The bulbs were looking elegant in the raised bed and then I noticed the danger signs; little seed heads forming at the top of the tall green spikes. Instead of concentrating hard on growing the bulb at their base they had decided that was too much like hard work. No, being a vegetable was too good for my onions, it seems. They wanted to be flowers.

Such aspiration is bad news for the vegetable gardener. Once the flowers pop out the plant sees the home straight. Its job is done, it can die safe in the knowledge that it has produced seeds to spawn the next generation. And this in turn means that the bulb stops growing and starts slowly deteriorating.

So pretty flowers in the vegetable patch means no more onions. It’s not a disaster, because in their semi-grown state they do make rather grand spring onions, but it’s not quite the crop of daddy-sized onions I had planned.

There’s a moral in here somewhere.
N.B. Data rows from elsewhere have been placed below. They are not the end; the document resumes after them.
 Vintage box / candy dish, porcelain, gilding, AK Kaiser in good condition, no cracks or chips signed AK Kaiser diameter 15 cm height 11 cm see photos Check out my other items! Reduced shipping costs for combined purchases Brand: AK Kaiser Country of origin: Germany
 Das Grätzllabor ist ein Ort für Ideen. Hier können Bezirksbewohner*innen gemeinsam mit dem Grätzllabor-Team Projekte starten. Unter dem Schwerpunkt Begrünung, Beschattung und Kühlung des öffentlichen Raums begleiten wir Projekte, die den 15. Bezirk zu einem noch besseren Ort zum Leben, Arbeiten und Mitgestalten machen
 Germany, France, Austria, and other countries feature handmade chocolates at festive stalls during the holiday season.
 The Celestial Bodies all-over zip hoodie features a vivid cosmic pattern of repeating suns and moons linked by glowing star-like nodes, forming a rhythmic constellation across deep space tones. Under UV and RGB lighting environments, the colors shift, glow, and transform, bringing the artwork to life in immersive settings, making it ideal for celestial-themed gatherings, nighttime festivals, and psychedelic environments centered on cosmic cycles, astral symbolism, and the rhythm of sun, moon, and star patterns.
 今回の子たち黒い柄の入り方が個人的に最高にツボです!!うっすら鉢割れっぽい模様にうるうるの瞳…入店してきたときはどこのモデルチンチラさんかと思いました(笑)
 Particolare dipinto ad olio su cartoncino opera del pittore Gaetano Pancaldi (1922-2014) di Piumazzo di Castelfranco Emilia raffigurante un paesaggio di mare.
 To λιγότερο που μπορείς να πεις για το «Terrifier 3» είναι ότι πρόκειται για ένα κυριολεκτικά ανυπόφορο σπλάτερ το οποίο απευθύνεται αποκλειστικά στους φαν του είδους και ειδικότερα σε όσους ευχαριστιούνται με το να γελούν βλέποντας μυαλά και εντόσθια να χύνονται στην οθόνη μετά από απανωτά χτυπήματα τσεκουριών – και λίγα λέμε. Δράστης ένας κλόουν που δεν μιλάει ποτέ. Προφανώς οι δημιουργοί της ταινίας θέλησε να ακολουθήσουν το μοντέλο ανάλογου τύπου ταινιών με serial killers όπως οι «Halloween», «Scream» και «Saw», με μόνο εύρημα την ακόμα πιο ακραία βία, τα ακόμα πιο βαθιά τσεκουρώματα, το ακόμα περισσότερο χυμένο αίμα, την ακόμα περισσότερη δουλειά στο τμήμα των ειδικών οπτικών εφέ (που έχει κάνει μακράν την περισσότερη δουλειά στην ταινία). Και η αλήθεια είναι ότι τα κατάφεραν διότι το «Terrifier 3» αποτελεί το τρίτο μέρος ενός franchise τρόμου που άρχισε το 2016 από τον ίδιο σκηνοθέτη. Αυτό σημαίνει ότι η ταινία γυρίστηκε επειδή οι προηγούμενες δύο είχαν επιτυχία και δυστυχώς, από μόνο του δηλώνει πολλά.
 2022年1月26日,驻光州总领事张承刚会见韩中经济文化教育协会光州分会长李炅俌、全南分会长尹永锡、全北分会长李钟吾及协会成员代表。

It seems that positive reinforcement and encouragement are not always the right approach. Some vegetables will let it go to their head. From now on when I talk to my plants in the greenhouse of an evening I shall be whispering veiled threats and waving bottles of industrial-strength weed killer. No more praise until they come up with the goods.

And then I shall pay them the greatest compliment I know. I shall eat them.

On the ipod while preaching tough love: Carly Simon / You’re so vain. Nuff said.

Very talented.

Allow me to introduce the Attenboroughs. Three very gifted siblings, all in the same family. (Bear with me on this, it is a gardening blog entry…) There’s Richard, the Oscar-winning actor and director, David, the naturalist who surely needs no further introduction and then there’s John.

I don’t know much about John but by all accounts he’s a big cheese in his chosen world, the motor industry, and for him to be a comparative failure would really screw up my analogy, so who am I to argue?

Three super-talented individuals, all slightly different but all with fundamentally the same genes and the  same family name.

Which brings us nicely to the Allium family, the Attenboroughs of the plant world. (See! Got there in the end!)

All of these heroes have a starring role in my garden and allotment. The onions, leeks and shallots are my absolute bankers in the eating stakes: dead easy to grow, practically impervious to bugs and slugs, staggeringly low maintenance and incredibly long lasting. In my book that makes for perfection, and I’ve got healthy looking crops of white and red onions, Musselburgh leeks and Shallots (Longue de Bretagne) doing very nicely thank you very much.

And happily now that the daffodils and the tulips have faded away, my alliums are taking pride of place in the flower bed. Purple Sensation and Globe Master are thriving right now, to be followed by my favourite, Sphaerocephalum, in a month or two.

Lastly there’s the littel chives in the pic at the top. They’ve sat there happily for years,dying down in the winter and then flowering and pushing up fat chives all year long. I don’t use them for much – pretty much just chopping them up and sprinkling over a potato salad – but they’re still a great thing to have to hand.

Masters of the herb, vegetable and flower worlds. Could you find another family whose members have so effortlessless dominated in their chosen careers? Apart from the Attenboroughs, of course…

On the ipod while…ahem…watching Britain’s Got Talent: The Beautiful South / Prettiest Eyes. Not you, Boyle.